Ces qualités ne peuvent inspirer qu’amour et admiration si bien que le caractère laudatif et presque
grandiloquent des paroles envisage à peine, à travers des expressions où s’entremêlent clarté et lumière, un
être céleste, presque divin. L’hommage de Carlos Puebla pour le héros devient l’hymne de la Révolution
cubaine et de toutes les révoltes contre les injustices. Les derniers mots de la chanson constituent la prise de
congé « Hasta siempre » à la fois définitive et solennelle : « adieu, pour toujours et à jamais » et le cri
belliqueux des révolutionnaires.
Conclusion
→ Tous ces éléments confirment le caractère direct et populaire de cette œuvre. La ritournelle utilisée pour
l’introduction et les interludes et la répétition des refrains qui se terminent sur le nom du Che ont contribué à
la diffusion de la chanson.
C’est une œuvre militante dont le but est la glorification d’un homme et de l’idéologie marxiste qu’il
défendait.
Soledad Bravo avait repris la chanson, accompagnée seulement de sa guitare, sur un ton très mélancolique,
peu de temps après la mort du Che, sans doute pour manifester la douleur de la perte de l’exemple
révolutionnaire qu’il symbolisait, à une époque où les pays d’Amérique Latine sombraient dans des
dictatures répressives (Brésil, Argentine, Chili, Pérou, Bolivie, …).

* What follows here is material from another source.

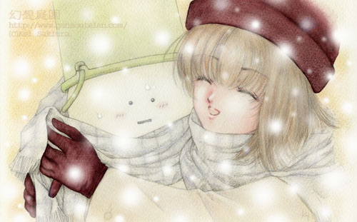 一部の女のコにモテモテのオリジナルキャラのゆきだるまくん・・・。そんな彼には、やっぱりかわいい女の子とのツーショットを・・・ということで、描いたイラスト。モノクロパージョンの方を12月に描きました(なので"初雪"なのです(^_^;))。今回、2月トップイラスト用にカラーバージョンを描き下ろしました(^_^)v。

La version plus récente de Nathalie Cardone (1997) met en évidence une exploitation beaucoup plus
commerciale de la chanson et de l’image de Che Guevara dans la mesure où la version est liée à un clip
vidéo qui joue sur la fibre dramatique de la mort de ce dernier, à travers la diffusion d’images d’archives du
Che mort, et peu de temps après la découverte de son corps (le lieu où il avait été enterré était resté secret
pendant 30 ans).
Pour terminer, la photo d’Alberto Korda, El guerillero heroíco, de 1960 tient une place immense dans la
symbolique de la représentation du Che : source d’inspiration artistique (Pop Art, Land Art, peintures
murales, …), l’image du Che est aussi devenue un produit de la société de consommation : son image
charismatique et révolutionnaire, le regard déterminé et orienté vers l’horizon a été détournée et s’utilise
désormais sur tous types de produits : tee-shirts, badges, affiches, tasses, briquets, produits financiers ( !),
… Alberto Korda qui n’avait jamais demandé d’argent pour son portrait du Che, a commencé à réclamer des
droits d’auteur, à la fin des années 1990, quand il s’est rendu compte que son œuvre ne servait pas à la
diffusion des idéaux de la Révolution.